:: PROBLEM DETAILS ::
Any pictures in the records below must be left out when you repeat the lines from the line containing "Beautifully updated home" through the line containing "If passenger footrest" exactly.

:: DATA FOR REVIEW ::
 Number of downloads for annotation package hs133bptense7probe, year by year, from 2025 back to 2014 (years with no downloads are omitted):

* * *

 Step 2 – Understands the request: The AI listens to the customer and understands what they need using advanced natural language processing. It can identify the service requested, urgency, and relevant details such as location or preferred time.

==

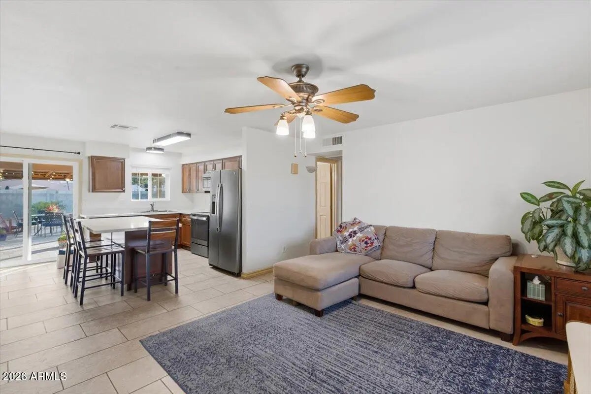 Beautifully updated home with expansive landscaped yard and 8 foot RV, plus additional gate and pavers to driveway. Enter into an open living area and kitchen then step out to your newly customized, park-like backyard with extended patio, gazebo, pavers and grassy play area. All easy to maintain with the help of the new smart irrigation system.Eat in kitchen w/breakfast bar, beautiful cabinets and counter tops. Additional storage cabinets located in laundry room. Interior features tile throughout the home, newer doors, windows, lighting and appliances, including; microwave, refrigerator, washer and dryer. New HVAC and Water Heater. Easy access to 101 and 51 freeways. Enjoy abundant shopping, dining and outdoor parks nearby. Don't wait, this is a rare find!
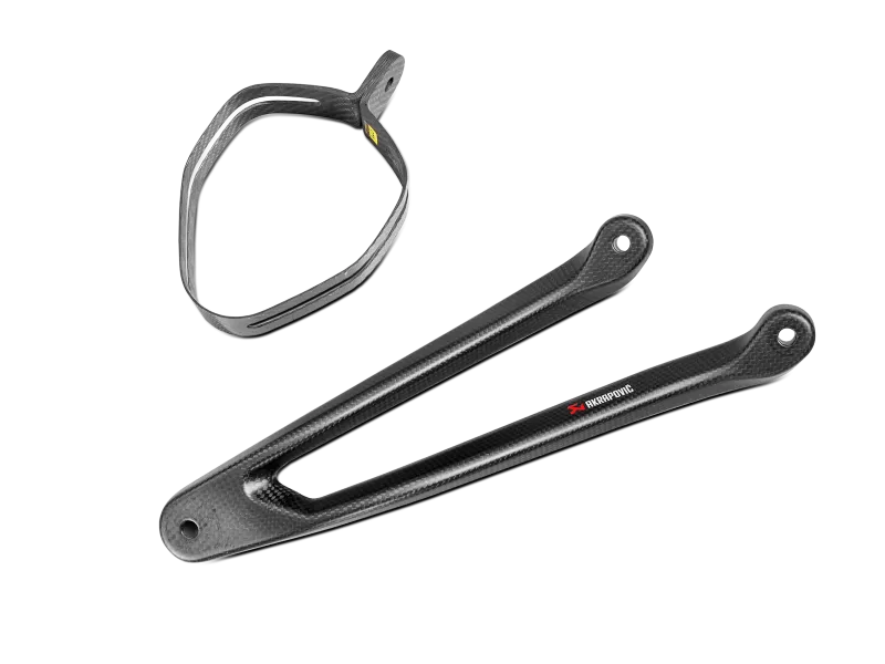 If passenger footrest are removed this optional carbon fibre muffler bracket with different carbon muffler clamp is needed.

:: ANSWER TO THE PROBLEM ::
 Beautifully updated home with expansive landscaped yard and 8 foot RV, plus additional gate and pavers to driveway. Enter into an open living area and kitchen then step out to your newly customized, park-like backyard with extended patio, gazebo, pavers and grassy play area. All easy to maintain with the help of the new smart irrigation system.Eat in kitchen w/breakfast bar, beautiful cabinets and counter tops. Additional storage cabinets located in laundry room. Interior features tile throughout the home, newer doors, windows, lighting and appliances, including; microwave, refrigerator, washer and dryer. New HVAC and Water Heater. Easy access to 101 and 51 freeways. Enjoy abundant shopping, dining and outdoor parks nearby. Don't wait, this is a rare find!
 If passenger footrest are removed this optional carbon fibre muffler bracket with different carbon muffler clamp is needed.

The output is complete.